Exactly reproduce the lines of the listing below from the one containing "アウフシュニットと呼ばれる薄" through the one containing "in stile Settecento, in". Skip the images.

Dataset records |
☆ ☆ ☆ ☆
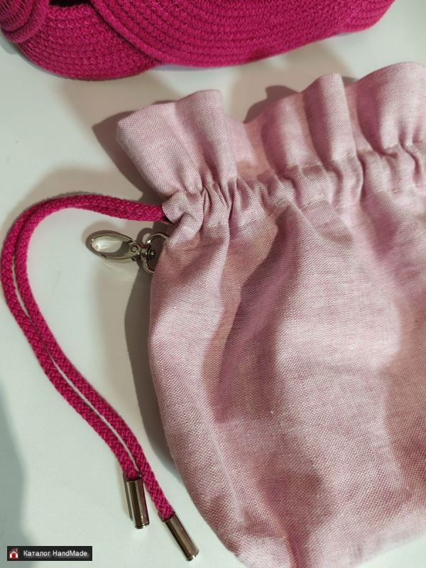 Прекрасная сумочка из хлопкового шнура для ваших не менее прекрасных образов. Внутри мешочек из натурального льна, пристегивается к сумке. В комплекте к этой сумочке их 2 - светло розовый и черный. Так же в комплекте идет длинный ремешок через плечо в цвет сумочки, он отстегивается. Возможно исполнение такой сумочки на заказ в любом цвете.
☆ ☆ ☆ ☆
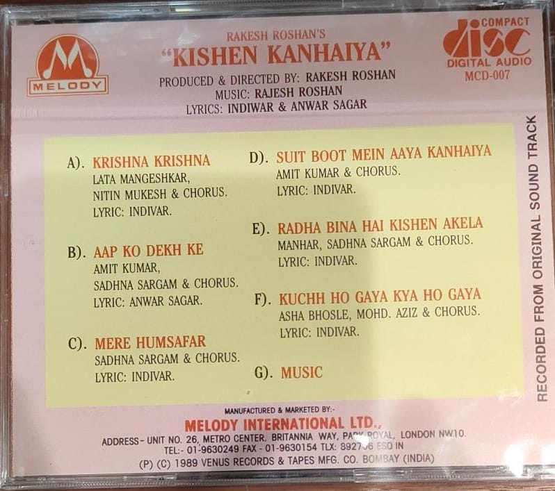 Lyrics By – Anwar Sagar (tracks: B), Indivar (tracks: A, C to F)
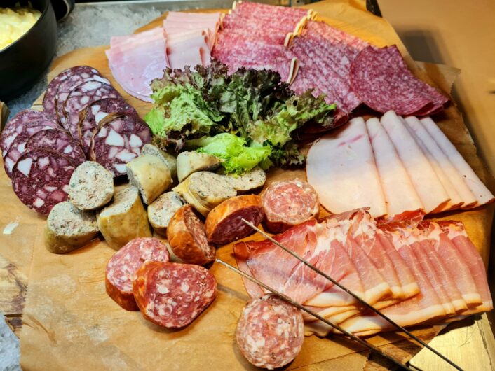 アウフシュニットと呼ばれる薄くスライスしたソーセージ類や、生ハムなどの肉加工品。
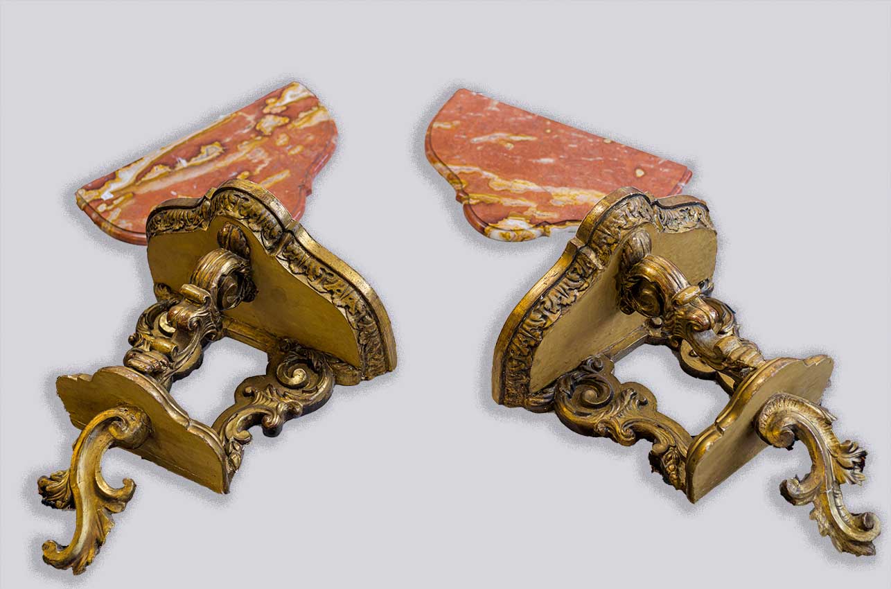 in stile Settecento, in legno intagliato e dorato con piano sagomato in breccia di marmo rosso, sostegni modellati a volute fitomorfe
☆ ☆ ☆ ☆
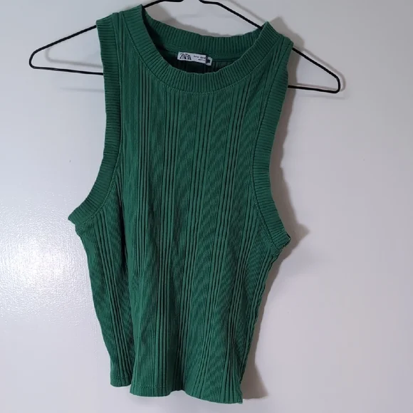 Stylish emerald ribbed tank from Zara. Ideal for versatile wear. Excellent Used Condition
☆ ☆ ☆ ☆
Response area |
 アウフシュニットと呼ばれる薄くスライスしたソーセージ類や、生ハムなどの肉加工品。
 in stile Settecento, in legno intagliato e dorato con piano sagomato in breccia di marmo rosso, sostegni modellati a volute fitomorfe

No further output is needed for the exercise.